Macy’s Q3 Earnings Preview: Speculative Play For Risk Lovers (NYSE:M)

Macys to Close 68 Stores

Jason Doiy

Macy’s (NYSE:M) is gearing up to report Q3 results, as the earnings release is expected to come out ahead of the opening bell, on November 17. This could be a particularly important earnings season for the traditional retailer, as potential investors face a laundry list of opportunities and risks amid this pivotal moment for the US economy.

Below, I discuss what I believe to be the most important topics of conversation on earnings day. I wrap things up by explaining why, despite clearly seeing the bull argument here, I maintain my hold rating on this volatile, often unpredictable stock.

What to expect from Macy’s Q3: A quick look at the numbers

As usual, it will be important to track the Q3 headline figures. Sales of $5.2 billion are expected to decline 4% YOY, but off of very strong growth of 36% this time last year. As I mentioned in my most recent Macy’s article and as depicted by the purple line below, Macy’s has caught up with its pre-pandemic revenue growth trajectory — which, to be fair, had been unimpressive for years prior to COVID-19. Adjusted EPS is projected at 18 cents, well off last year’s $1.23 for some of the reasons that I will address next.

Macy's revenue and margins
Data by YCharts

Regarding Q3 results, I don’t think that analysts and investors will be caught off guard by softening margins. Last quarter, the retailer warned of substantial inventory and other operational cost pressures through the end of 2022 at least, putting a lid on earnings firepower. Hopefully, by slashing full-year EPS guidance by a whopping 64 cents to $4.10 at the midpoint of the range, the management team has already lowered the bar enough ahead of the important holiday shopping quarter.

Inventory management will likely be one of the key topics of debate on Thursday. Macy’s is expected to clear aged inventory and turn the page on the Spring season. The quicker the company can do so with as little pricing impact as possible, the better for Q4 sales projections (by far the biggest quarter for the New York-based retailer) and for the stock.

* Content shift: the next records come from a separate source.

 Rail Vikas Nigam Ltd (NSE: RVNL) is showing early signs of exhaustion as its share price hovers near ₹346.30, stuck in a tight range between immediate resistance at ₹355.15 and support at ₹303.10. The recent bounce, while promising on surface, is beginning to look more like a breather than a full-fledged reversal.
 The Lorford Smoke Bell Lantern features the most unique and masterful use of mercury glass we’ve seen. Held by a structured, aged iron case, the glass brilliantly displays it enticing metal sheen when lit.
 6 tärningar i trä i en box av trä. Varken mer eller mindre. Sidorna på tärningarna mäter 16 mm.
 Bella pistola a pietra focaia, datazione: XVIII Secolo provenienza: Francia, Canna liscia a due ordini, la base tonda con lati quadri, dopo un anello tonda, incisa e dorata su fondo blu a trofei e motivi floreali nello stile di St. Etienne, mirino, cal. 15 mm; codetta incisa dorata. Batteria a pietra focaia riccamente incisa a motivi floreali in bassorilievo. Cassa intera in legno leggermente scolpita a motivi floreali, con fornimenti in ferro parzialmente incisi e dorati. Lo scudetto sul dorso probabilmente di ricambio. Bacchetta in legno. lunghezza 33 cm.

The second big debating point will probably be the health of the consumer. In part due to successful initiatives that have led to improved visits and conversion in the digital channel, Macy’s has done fairly well from a top-line perspective. But it is still unclear if lingering inflation, a series of interest rate hikes, and the prospect of a recession ahead may hurt discretionary spending and, as a result, Macy’s P&L one or two quarters down the road.

Macy’s stock is too unpredictable

I am not a Macy’s bear, as I believe that the company has survived (even if not yet thrived through) a barrage of issues that put at risk the company’s own existence at some point:

  1. The rise of e-commerce and the “death of the mall”;
  2. A secular change in consumer preference toward athleisure, especially impacting the crucial women’s department;
  3. The pandemic-driven store shutdowns;
  4. Rapidly rising interest rates and white-hot inflation in 2022.

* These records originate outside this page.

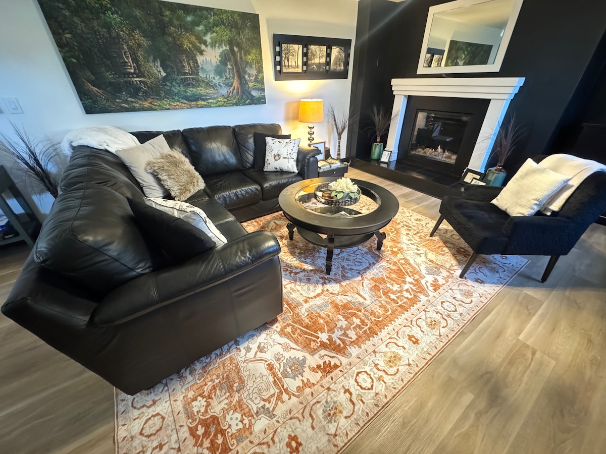 Relaxing, 2-Bedroom,3 bed, retreat in Duncan Spacious 1,100sq foot, suite 1 king bed, bedroom. 1 Queen bed,2nd bedroom. 1 Queen bed, Murphy bed. 3 beds in total. Pet friendly,enjoy a cozy livingroom with a fireplace, a full kitchen,and in-unit washer/dryer. Stay entertained with streaming services 55 inch tv. Board games,make the most of the large BBQ. 4 parking spots Located just 3 minutes from the new hospital and 6 minutes to downtown,this retreat offers comfort,quiet and convenience.
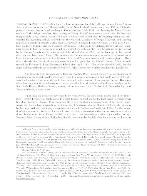 The manuscript of Impromptu No. 1 is undated, but on 25 June 1926 Price submitted it for publication to the publisher Arthur P. Schmidt & Co., a Boston-based firm that had a strong commitment to publishing music by U.S. composers, including an unusually high (for the time) representation of music by women. The firm declined the opportunity, however, and notified Price of this decision on 6 November 1926. The work dates from relatively early in Price's composing career and reveals little of the genius for integrating conventional White styles and Black vernacular idioms that characterizes much of her later music, but it is still the work of a mature composer. By designating it an impromptu, she gave it the genre's usual connotation of brief, unstudied spontaneity. Yet two signature facets of her later style are already clearly visible: her talent for writing material in clearly delineated sections that contrast strongly but are unified by a subtle but distinct musical gesture; and her surefire dramatic pacing. The former is evident in the chromatic chains that are immediately obvious in the A sections (mm. 1-32 and 75-89) but appear only gradually in the B section, and the latter is evident in the coda (mm. 90ff.), which begins with two bars of an augmented sonority and becomes increasingly agitated as it leads to the tempestuous close.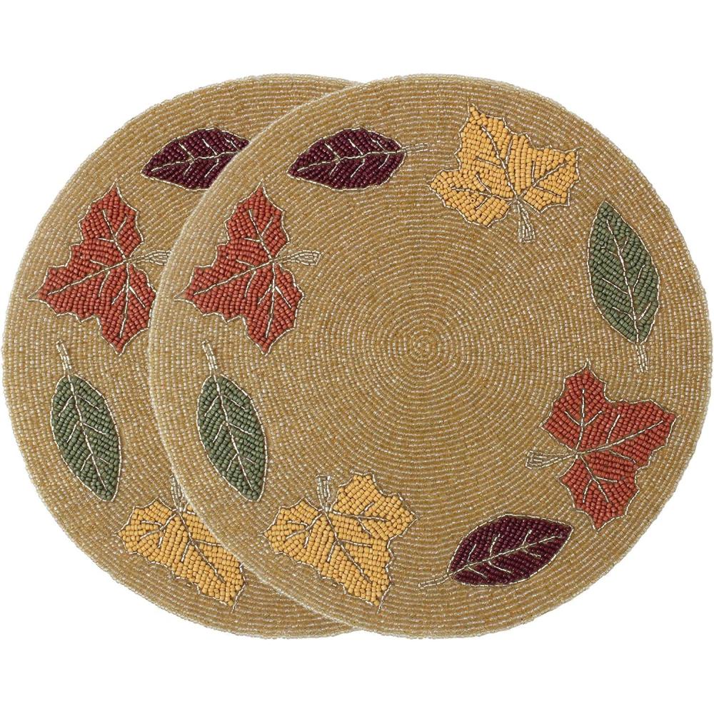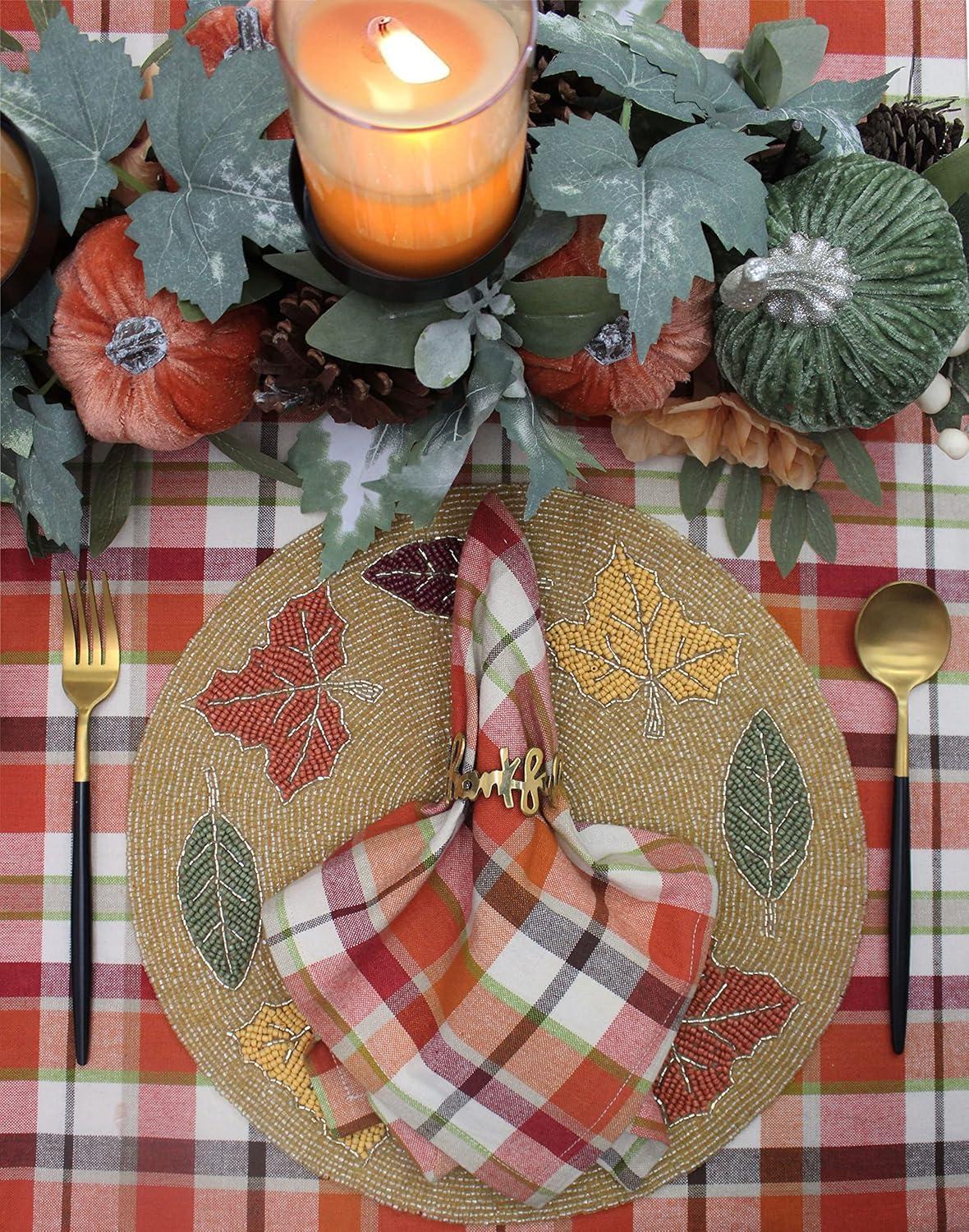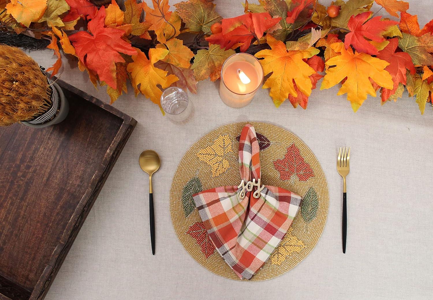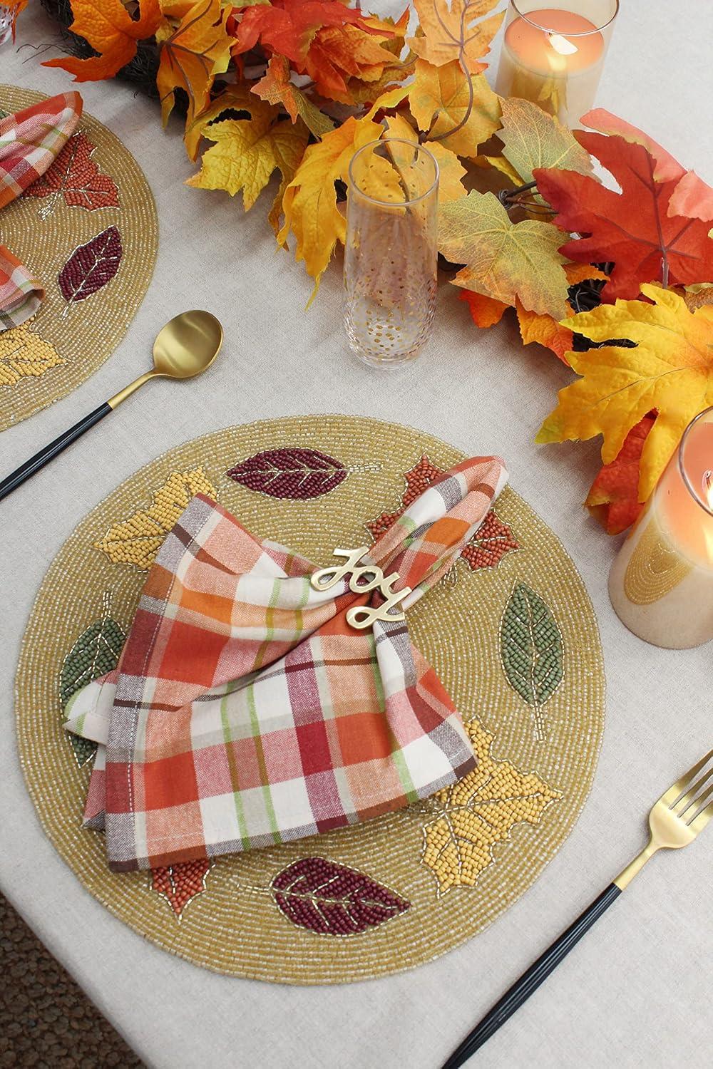 COTTON CRAFT Glitz Handmade Beaded Charger Placemats – Set of 4 – Halloween Harvest Autumn Fall Holiday Christmas Xmas Dining Celebration Festive Party Table Décor – 13.5 inch Round – Red(Gold Rust Green)

Then, there is the tempting forward P/E of only 5.2x that has often lured in value investors and that, in the case of “an economic all-clear”, could climb towards sustainable peaks in the high single digits (see history below).

Macy's PE ratio
Data by YCharts

But at least out of personal investment style, I choose not to own M. From my experience, volatile and unpredictable stocks are rarely a good addition to a balanced portfolio. For instance, M has climbed a respectable 13% since my article of three months ago. However, only five trading days ago, M was flat to slightly underwater for the trailing three-month period instead.

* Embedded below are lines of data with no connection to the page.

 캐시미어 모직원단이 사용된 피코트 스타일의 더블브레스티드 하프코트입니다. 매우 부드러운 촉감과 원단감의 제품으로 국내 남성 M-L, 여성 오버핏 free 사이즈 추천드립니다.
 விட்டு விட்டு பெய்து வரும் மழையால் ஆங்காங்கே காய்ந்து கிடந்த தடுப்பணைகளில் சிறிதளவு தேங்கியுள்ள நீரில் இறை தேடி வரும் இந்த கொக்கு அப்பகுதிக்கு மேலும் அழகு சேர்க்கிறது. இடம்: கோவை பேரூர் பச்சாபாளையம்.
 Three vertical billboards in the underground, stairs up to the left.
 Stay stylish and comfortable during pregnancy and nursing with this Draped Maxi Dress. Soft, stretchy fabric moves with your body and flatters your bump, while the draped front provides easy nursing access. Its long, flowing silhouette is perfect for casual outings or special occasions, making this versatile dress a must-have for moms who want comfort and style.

More broadly, the stock’s 30-day rolling annualized volatility has almost always stayed above 50% over the past three years. Meanwhile, the S&P 500 (SPY) only reached volatility levels like Macy’s during the thick of the COVID-19 crisis.

I think that Macy’s could be a decent stock for either (1) the ultra-short-term trader looking to place a bet on earnings performance and outlook, or (2) the die-hard believer and patient investor who sees the department store recovering and eventually thriving over the next decade or so. Because I am neither of them, I remain on the sidelines.